Mistral Small 4: Unified Multimodal, Reasoning, and Coding MoE Model Released Under Apache 2.0
Mistral AI has released Mistral Small 4, a 119B-parameter Mixture-of-Experts model (6B active per token) that unifies capabilities previously split across Magistral (reasoning), Pixtral (multimodal), and Devstral (coding agents) into a single open-weights model. The model features a 256k context window, configurable reasoning effort via a `reasoning_effort` parameter, native text and image input support, and is released under Apache 2.0. Mistral claims 40% latency reduction and 3x throughput improvement over Mistral Small 3, with benchmark results showing competitive performance against GPT-OSS 120B and Qwen models while producing significantly shorter outputs. The release includes day-0 availability as an NVIDIA NIM and support across vLLM, llama.cpp, SGLang, and Transformers.
Mistral AI Releases Mistral Large, Claims Second-Best API Model After GPT-4
Mistral AI has released Mistral Large, its most capable model to date, claiming second place among API-accessible models behind GPT-4 on standard benchmarks including MMLU, HellaSwag, and coding/math evals. The model features a 32K context window, native fluency in five European languages, function calling, and constrained output mode. Simultaneously, Mistral is launching a new Mistral Small optimized for latency, restructuring its endpoint lineup, and announcing Microsoft Azure as its first major distribution partner. This marks Mistral's first significant commercial partnership and expansion beyond its own infrastructure.

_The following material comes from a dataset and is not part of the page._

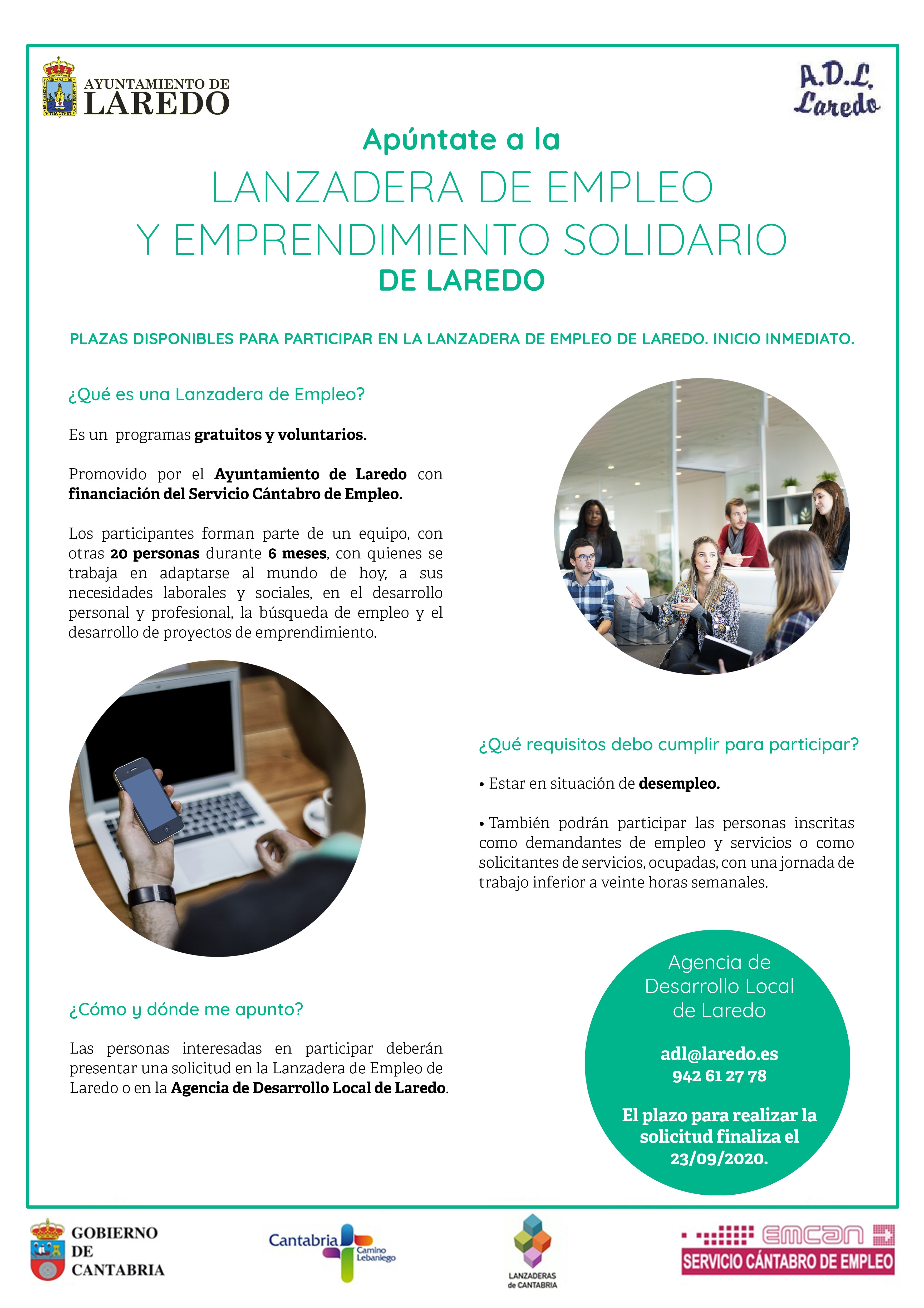 El Ayuntamiento de Laredo pone en marcha la séptima edición de la Lanzadera de Empleo y Emprendimiento Solidario. La iniciativa está dirigida a desempleados inscritos en el Servicio Cántabro de Empleo o a trabajadores cuya jornada laboral no supere las veinte horas semanales. Los interesados podrán informarse acerca de este programa de mejora de la empleabilidad en la Agencia de Desarrollo Local (ADL) de Laredo, llamando al 942 61 27 78 o enviando un correo a la dirección: adl@laredo.es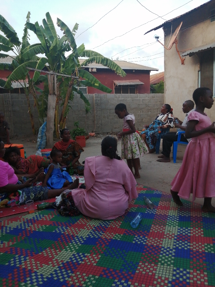 A group of people, mainly women and children, are gathered outside on a checkered mat. Most are seated or lying on the mat, while a few adults sit on a chair in the background. Two young girls in pink dresses stand. A few bottles are visible on the mat. Behind them, a concrete block wall separates the area from a red building with a metal roof. A banana tree stands to the left of the wall. A small building with a satellite dish attached is visible to the right.

Mistral Medium 3: Frontier-Class Performance at 8x Lower Cost
Mistral AI has released Mistral Medium 3, a new enterprise-focused language model priced at $0.4/$2 per million input/output tokens. The model claims to achieve 90%+ of Claude Sonnet 3.7's benchmark performance while undercutting cost leaders like DeepSeek v3, and outperforming open models including Llama 4 Maverick. It supports hybrid, on-premises, and in-VPC deployment on as few as four GPUs, and is available immediately on Mistral La Plateforme and Amazon SageMaker, with additional cloud platforms coming soon. The announcement also teases an upcoming large open-weights model release.
Mistral Large 2 (123B): New Frontier Model with 128k Context, Multilingual and Code Capabilities
Mistral AI releases Mistral Large 2, a 123-billion-parameter model with a 128k context window, supporting 80+ coding languages and over a dozen natural languages. The model claims competitive performance with GPT-4o, Claude 3 Opus, and Llama 3 405B on code generation, reasoning, and multilingual benchmarks, while targeting cost-efficient single-node inference. Weights are available under a Mistral Research License for non-commercial use, with a commercial license required for self-deployment. The model is accessible via Mistral's la Plateforme API (mistral-large-2407), HuggingFace, and Google Cloud Vertex AI.
Mistral AI Founding Manifesto and Mistral 7B Release
Mistral AI published its founding mission statement alongside the release of Mistral 7B, a 7-billion-parameter open-weights language model released under Apache 2.0. The model claims to outperform all available open models up to 13B parameters on standard English and code benchmarks, produced in three months from a standing start. The post articulates Mistral's strategic thesis: open-weight models will outcompete proprietary black-box APIs for most enterprise use cases, drawing analogies to Linux, WebKit, and Kubernetes. The company signals intent to release progressively larger frontier models while building a commercial offering around on-premise and VPC deployment.